--- Information shown ---
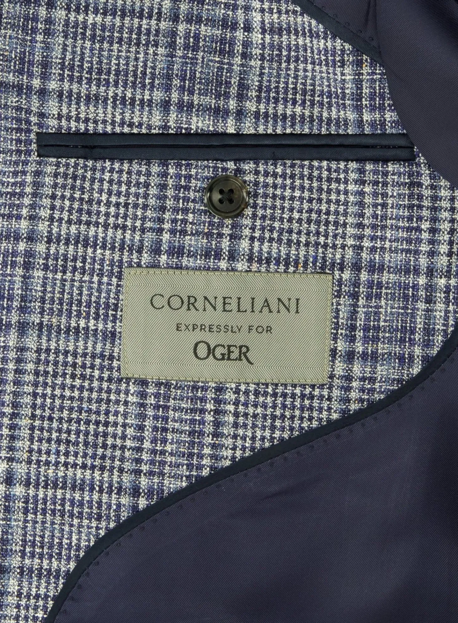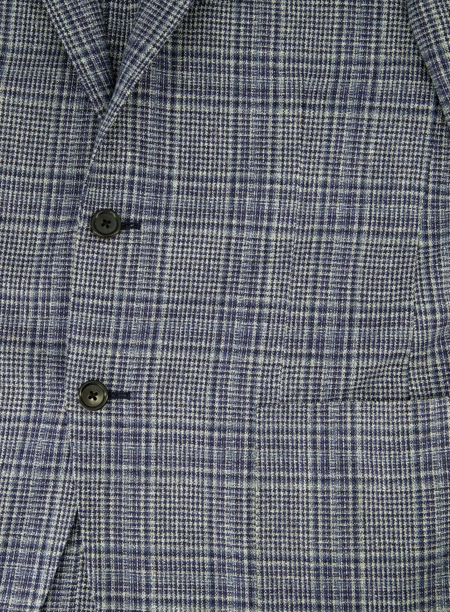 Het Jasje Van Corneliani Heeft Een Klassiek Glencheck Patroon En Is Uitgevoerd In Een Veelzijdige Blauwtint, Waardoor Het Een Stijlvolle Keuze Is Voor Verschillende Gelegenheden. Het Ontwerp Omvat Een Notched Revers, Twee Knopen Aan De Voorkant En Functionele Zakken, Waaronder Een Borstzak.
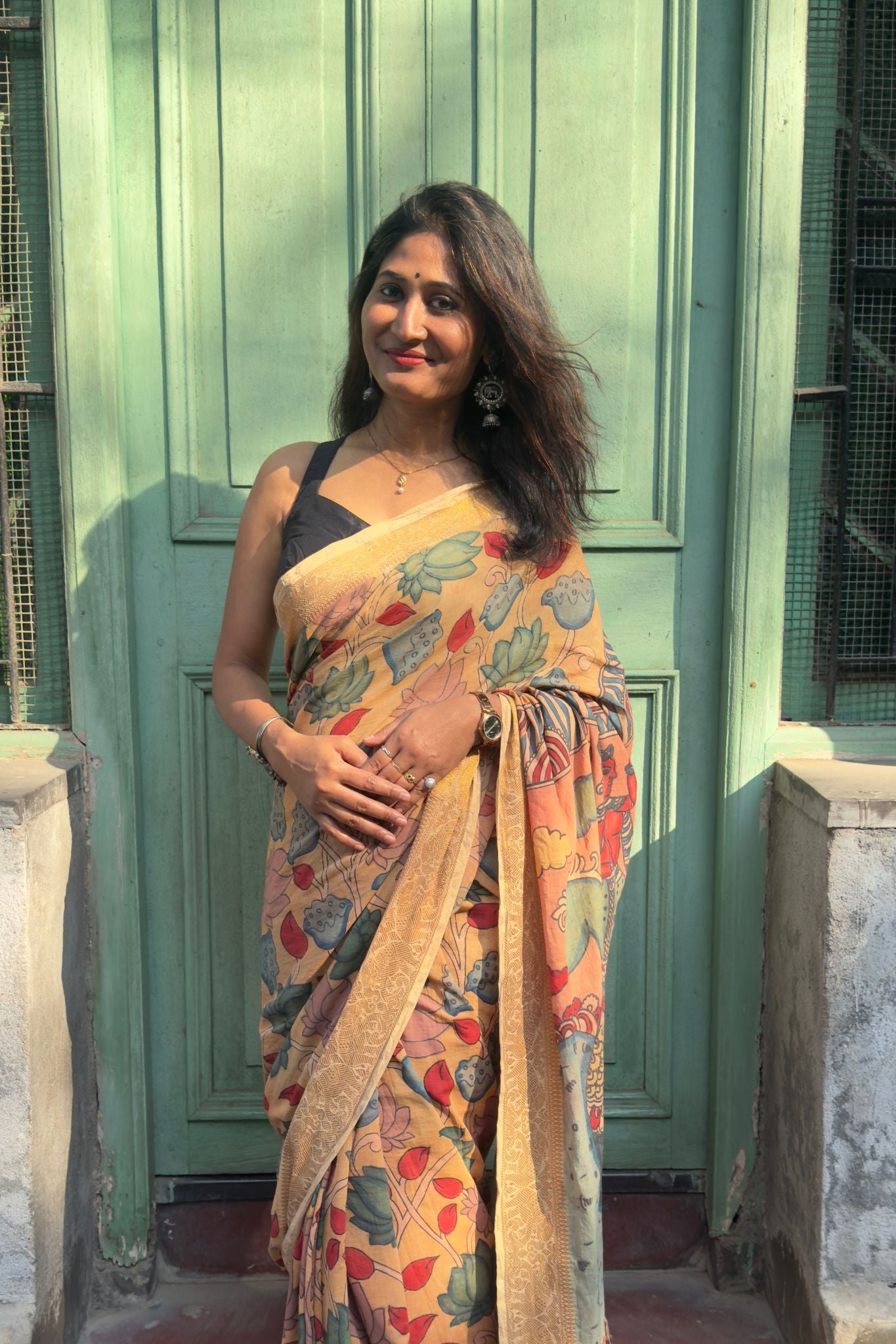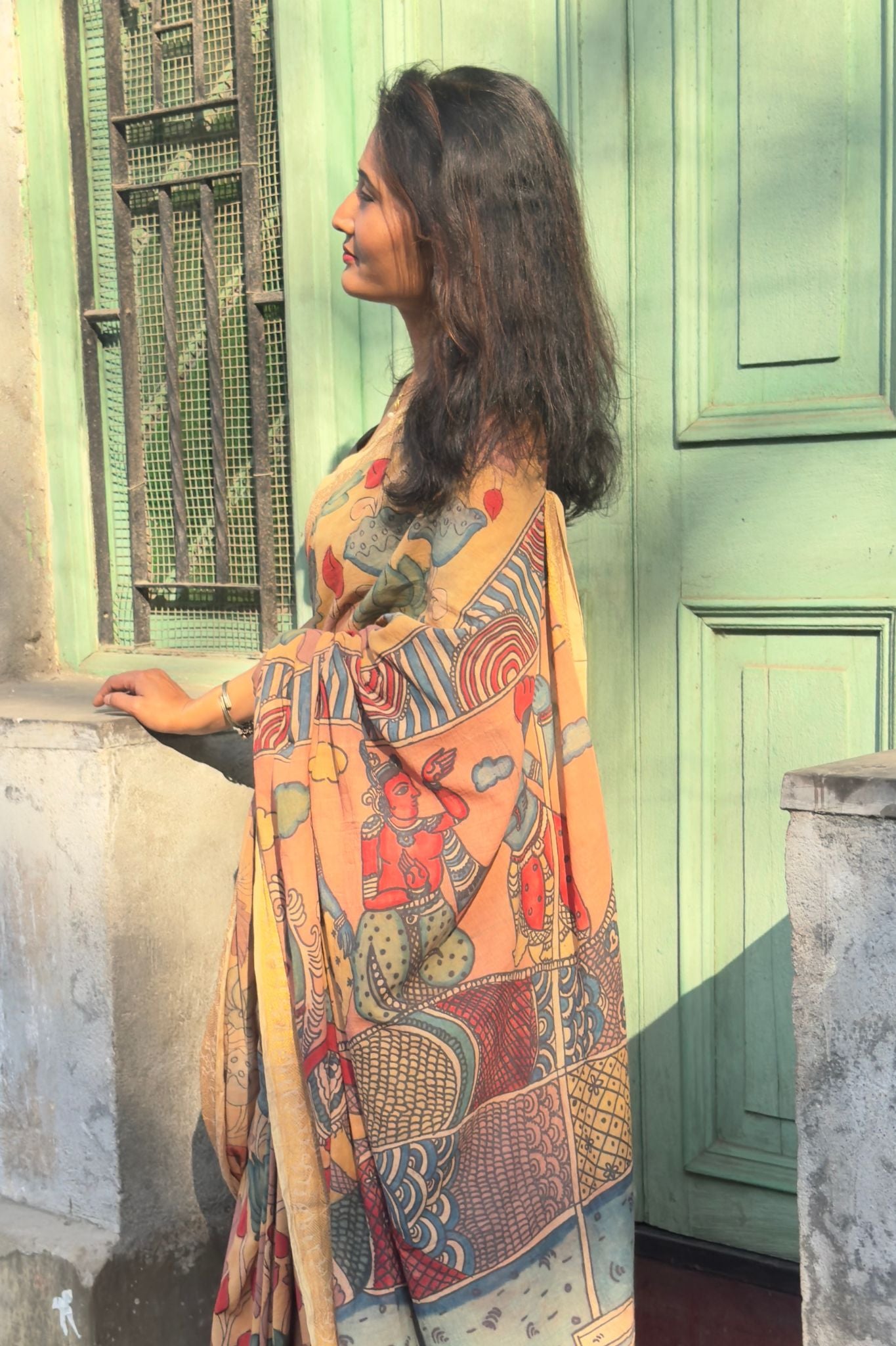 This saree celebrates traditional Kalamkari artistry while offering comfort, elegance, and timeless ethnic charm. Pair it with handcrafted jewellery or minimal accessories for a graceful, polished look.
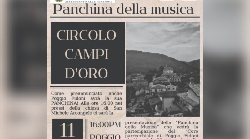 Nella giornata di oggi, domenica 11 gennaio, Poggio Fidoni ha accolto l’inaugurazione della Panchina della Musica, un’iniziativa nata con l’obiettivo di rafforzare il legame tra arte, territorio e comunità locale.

--- Problem statement ---
The reply should contain all of the data above, word for word, with no pictures.

--- Result for this task ---
 Het Jasje Van Corneliani Heeft Een Klassiek Glencheck Patroon En Is Uitgevoerd In Een Veelzijdige Blauwtint, Waardoor Het Een Stijlvolle Keuze Is Voor Verschillende Gelegenheden. Het Ontwerp Omvat Een Notched Revers, Twee Knopen Aan De Voorkant En Functionele Zakken, Waaronder Een Borstzak.
 This saree celebrates traditional Kalamkari artistry while offering comfort, elegance, and timeless ethnic charm. Pair it with handcrafted jewellery or minimal accessories for a graceful, polished look.
 Nella giornata di oggi, domenica 11 gennaio, Poggio Fidoni ha accolto l’inaugurazione della Panchina della Musica, un’iniziativa nata con l’obiettivo di rafforzare il legame tra arte, territorio e comunità locale.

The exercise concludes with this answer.